### What to produce
An acceptable answer repeats exactly the line containing "моего котенка не" and all lines that follow it in the listing below, and it includes no pictures.

### Recorded information
● ● ● ● ● ● ●
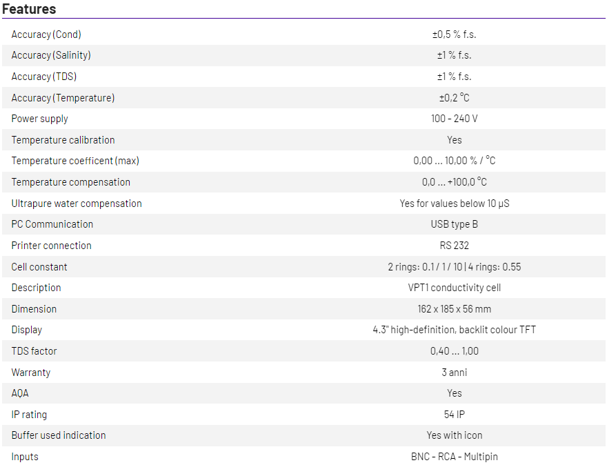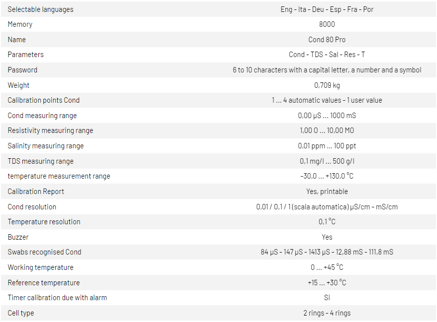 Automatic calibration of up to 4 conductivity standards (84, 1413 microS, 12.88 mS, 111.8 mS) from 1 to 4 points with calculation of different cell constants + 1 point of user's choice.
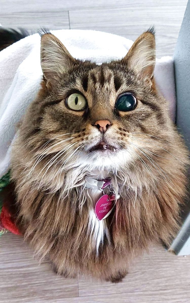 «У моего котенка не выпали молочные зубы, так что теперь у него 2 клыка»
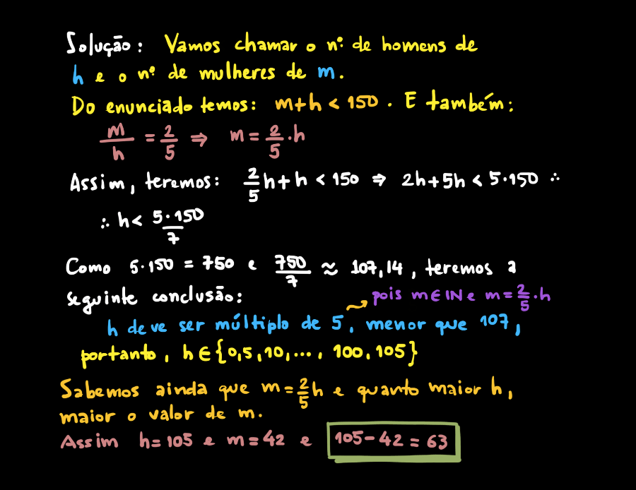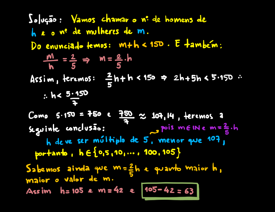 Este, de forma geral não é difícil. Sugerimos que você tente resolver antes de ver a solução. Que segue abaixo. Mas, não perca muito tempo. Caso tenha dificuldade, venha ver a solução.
● ● ● ● ● ● ●
### Task output
 «У моего котенка не выпали молочные зубы, так что теперь у него 2 клыка»
 Este, de forma geral não é difícil. Sugerimos que você tente resolver antes de ver a solução. Que segue abaixo. Mas, não perca muito tempo. Caso tenha dificuldade, venha ver a solução.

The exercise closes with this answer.